Dataset items
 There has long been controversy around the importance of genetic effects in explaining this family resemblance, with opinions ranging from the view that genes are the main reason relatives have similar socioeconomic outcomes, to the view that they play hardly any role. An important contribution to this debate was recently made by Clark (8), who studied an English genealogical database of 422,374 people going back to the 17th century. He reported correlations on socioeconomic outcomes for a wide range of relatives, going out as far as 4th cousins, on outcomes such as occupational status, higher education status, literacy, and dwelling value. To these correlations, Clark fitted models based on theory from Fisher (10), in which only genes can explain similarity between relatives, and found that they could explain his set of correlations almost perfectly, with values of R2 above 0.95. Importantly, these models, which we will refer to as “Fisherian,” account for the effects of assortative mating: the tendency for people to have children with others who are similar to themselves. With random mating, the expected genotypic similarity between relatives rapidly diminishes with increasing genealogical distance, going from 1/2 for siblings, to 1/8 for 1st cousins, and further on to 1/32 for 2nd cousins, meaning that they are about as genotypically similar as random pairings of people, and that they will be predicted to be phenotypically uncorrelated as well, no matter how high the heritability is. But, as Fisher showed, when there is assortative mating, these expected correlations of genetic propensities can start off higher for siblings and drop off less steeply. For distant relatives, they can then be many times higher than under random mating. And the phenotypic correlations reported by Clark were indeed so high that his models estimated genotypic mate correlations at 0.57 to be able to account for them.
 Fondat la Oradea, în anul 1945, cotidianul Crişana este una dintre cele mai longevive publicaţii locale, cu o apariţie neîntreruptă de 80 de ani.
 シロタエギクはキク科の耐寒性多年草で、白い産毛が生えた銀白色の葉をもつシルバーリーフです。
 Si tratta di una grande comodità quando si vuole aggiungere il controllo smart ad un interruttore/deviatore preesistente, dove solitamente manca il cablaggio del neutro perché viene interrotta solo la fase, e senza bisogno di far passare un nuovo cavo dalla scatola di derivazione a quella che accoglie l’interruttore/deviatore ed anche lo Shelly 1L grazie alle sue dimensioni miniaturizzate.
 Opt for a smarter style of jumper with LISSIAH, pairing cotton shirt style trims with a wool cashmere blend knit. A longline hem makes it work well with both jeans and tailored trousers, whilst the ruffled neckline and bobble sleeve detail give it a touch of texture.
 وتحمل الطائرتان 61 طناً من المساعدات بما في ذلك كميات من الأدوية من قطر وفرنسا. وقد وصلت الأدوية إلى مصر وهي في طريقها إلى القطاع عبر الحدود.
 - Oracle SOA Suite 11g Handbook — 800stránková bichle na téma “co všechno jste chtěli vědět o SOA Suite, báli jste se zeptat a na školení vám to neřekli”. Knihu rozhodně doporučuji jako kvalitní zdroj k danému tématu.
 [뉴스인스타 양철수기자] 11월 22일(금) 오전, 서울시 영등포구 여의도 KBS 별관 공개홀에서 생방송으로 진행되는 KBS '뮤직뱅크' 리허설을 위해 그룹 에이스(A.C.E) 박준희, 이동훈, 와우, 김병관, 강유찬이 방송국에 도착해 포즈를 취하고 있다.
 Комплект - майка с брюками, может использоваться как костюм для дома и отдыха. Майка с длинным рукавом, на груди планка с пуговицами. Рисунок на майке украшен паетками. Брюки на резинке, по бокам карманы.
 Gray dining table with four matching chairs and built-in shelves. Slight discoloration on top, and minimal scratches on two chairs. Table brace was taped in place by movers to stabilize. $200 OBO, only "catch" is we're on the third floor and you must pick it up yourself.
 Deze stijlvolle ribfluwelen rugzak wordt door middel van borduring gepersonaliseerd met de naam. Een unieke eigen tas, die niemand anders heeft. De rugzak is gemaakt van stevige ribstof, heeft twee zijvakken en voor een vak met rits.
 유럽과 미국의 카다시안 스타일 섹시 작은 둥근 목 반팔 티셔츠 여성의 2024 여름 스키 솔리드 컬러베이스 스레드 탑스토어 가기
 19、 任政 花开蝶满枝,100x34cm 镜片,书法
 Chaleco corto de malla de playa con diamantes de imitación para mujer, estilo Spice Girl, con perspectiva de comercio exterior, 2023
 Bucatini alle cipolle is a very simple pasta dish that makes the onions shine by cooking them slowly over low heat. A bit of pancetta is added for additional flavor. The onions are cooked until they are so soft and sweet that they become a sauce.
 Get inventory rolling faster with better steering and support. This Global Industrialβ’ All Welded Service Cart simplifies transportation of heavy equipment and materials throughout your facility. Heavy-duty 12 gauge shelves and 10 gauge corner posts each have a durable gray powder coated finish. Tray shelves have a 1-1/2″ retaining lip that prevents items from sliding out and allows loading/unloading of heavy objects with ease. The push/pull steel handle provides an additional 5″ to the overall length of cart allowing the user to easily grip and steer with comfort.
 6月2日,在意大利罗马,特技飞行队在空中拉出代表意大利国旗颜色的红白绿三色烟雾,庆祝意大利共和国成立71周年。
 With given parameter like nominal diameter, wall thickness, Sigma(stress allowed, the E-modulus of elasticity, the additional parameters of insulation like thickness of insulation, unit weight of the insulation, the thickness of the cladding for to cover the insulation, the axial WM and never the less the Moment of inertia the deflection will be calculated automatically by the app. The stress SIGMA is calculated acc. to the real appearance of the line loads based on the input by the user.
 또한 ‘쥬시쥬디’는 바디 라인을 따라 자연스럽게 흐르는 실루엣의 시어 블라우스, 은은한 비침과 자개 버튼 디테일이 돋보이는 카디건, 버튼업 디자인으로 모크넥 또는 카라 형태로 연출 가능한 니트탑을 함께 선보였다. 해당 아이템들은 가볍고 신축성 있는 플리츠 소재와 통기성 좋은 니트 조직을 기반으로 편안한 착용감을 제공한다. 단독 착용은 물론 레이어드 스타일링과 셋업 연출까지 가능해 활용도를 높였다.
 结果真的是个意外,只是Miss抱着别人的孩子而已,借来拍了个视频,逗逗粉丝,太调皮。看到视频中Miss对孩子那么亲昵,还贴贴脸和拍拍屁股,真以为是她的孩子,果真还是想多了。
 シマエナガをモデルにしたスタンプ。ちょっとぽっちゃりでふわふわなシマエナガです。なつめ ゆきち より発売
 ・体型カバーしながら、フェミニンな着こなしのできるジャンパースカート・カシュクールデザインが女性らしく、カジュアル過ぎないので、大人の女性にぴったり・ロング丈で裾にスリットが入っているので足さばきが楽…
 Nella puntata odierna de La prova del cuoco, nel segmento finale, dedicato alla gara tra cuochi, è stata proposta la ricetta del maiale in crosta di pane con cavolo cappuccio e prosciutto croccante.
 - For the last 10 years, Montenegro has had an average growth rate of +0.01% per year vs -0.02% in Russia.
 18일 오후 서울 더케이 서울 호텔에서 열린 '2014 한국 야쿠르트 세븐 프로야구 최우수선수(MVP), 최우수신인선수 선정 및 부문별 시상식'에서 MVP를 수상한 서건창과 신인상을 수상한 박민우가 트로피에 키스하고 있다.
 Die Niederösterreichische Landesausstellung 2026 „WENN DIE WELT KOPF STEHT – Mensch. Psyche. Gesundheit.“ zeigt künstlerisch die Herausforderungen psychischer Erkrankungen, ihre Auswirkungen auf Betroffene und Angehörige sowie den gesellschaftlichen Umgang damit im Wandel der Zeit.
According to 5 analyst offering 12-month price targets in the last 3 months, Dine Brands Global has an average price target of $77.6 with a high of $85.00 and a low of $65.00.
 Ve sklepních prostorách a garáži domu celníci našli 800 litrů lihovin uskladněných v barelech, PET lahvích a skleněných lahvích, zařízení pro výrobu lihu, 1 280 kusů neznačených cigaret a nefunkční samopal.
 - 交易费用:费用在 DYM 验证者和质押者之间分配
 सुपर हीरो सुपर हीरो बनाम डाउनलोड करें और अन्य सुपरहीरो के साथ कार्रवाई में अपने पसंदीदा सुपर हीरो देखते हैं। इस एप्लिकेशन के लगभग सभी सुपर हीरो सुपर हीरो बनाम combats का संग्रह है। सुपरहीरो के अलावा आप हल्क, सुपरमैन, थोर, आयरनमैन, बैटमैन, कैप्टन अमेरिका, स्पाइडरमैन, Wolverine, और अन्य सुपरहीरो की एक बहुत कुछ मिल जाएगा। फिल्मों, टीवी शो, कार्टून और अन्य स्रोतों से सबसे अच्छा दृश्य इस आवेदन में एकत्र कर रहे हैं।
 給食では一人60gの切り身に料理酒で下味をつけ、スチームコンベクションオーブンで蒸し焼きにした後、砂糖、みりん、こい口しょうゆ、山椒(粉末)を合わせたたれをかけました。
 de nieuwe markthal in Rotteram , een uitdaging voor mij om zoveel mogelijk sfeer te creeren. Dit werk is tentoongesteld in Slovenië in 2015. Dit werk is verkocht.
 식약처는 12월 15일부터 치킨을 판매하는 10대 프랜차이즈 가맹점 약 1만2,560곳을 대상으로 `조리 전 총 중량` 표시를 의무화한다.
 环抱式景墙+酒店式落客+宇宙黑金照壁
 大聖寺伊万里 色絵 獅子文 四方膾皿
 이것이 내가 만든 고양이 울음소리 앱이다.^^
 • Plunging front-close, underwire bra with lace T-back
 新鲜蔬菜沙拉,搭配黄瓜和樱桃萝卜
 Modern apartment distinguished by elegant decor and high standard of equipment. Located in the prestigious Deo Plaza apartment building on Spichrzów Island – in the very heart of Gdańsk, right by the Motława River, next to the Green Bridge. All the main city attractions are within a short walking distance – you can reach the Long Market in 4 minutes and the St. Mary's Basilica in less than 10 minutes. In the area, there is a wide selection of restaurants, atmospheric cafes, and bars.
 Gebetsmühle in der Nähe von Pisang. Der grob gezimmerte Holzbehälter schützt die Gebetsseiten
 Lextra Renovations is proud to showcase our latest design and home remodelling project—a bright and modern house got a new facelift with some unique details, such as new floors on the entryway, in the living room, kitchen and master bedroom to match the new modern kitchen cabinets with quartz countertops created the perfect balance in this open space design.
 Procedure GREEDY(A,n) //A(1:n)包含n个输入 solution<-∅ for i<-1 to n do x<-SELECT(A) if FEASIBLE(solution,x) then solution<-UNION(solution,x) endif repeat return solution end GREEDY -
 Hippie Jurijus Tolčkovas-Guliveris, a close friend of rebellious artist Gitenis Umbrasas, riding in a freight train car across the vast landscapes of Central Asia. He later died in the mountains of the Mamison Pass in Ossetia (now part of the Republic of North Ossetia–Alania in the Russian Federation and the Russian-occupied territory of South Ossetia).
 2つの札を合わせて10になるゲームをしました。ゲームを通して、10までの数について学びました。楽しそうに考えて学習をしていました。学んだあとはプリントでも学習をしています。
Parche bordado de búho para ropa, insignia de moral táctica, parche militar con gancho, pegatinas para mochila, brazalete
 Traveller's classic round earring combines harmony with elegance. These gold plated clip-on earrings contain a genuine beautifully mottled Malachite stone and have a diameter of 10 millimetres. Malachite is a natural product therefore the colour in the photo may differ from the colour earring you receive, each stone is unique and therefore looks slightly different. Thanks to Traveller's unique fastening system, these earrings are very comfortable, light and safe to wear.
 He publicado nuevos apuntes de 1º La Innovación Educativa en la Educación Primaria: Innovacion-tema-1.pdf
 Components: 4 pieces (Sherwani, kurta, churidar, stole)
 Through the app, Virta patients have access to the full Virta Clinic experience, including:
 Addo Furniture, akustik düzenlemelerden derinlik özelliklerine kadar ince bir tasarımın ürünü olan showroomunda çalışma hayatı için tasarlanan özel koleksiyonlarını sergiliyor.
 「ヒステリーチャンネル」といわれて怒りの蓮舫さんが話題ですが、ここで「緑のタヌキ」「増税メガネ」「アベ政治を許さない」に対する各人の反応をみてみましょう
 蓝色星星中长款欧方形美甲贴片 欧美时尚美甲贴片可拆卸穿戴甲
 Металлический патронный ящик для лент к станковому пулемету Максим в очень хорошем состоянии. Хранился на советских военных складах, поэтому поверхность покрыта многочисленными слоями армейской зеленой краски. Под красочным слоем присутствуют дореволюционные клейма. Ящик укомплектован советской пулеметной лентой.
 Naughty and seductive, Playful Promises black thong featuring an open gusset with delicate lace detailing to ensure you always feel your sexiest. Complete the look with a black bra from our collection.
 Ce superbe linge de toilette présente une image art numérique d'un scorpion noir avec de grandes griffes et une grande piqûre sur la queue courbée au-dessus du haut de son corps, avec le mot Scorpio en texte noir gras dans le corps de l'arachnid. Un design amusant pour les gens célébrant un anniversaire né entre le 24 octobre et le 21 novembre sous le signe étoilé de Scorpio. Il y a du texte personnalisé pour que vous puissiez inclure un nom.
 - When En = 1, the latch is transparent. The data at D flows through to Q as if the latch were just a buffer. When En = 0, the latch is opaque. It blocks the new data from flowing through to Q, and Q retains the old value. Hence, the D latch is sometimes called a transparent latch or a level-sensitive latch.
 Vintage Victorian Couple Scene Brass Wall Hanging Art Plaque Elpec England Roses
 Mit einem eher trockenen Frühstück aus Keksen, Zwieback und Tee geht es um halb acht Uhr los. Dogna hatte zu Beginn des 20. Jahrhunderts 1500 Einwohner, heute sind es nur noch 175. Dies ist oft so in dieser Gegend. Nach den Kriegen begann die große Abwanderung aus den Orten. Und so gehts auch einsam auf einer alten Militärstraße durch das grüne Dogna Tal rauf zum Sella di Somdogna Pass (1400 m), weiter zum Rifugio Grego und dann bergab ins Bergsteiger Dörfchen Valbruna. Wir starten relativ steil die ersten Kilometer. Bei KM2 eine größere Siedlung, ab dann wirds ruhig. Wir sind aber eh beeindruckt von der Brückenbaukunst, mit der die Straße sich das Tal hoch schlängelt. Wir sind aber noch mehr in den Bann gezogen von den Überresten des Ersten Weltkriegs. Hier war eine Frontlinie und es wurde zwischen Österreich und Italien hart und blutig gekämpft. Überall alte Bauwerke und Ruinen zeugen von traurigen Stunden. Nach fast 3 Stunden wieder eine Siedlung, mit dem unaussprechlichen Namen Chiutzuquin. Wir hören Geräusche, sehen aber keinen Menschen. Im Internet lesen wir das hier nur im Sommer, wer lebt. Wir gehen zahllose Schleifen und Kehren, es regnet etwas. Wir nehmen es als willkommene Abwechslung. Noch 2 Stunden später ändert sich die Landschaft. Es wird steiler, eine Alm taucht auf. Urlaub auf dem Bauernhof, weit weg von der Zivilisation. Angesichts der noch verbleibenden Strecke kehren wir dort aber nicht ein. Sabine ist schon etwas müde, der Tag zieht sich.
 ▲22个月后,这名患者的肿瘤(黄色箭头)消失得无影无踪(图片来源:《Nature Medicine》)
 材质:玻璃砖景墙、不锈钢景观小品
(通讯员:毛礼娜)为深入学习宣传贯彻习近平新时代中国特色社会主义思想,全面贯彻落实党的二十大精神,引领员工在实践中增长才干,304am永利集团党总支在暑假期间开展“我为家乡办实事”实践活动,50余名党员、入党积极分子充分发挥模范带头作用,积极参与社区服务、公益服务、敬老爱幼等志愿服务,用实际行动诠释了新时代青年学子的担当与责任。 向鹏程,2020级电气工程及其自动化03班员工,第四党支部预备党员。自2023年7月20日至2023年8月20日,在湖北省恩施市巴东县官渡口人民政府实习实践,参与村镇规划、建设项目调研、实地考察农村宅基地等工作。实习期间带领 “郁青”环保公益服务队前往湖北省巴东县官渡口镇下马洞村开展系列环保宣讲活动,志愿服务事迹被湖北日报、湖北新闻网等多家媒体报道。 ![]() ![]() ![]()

◆ Your assignment: Where does "makes" occur in the data? Copy each line that has it.

◆ Result of this exercise:
 Opt for a smarter style of jumper with LISSIAH, pairing cotton shirt style trims with a wool cashmere blend knit. A longline hem makes it work well with both jeans and tailored trousers, whilst the ruffled neckline and bobble sleeve detail give it a touch of texture.
 Bucatini alle cipolle is a very simple pasta dish that makes the onions shine by cooking them slowly over low heat. A bit of pancetta is added for additional flavor. The onions are cooked until they are so soft and sweet that they become a sauce.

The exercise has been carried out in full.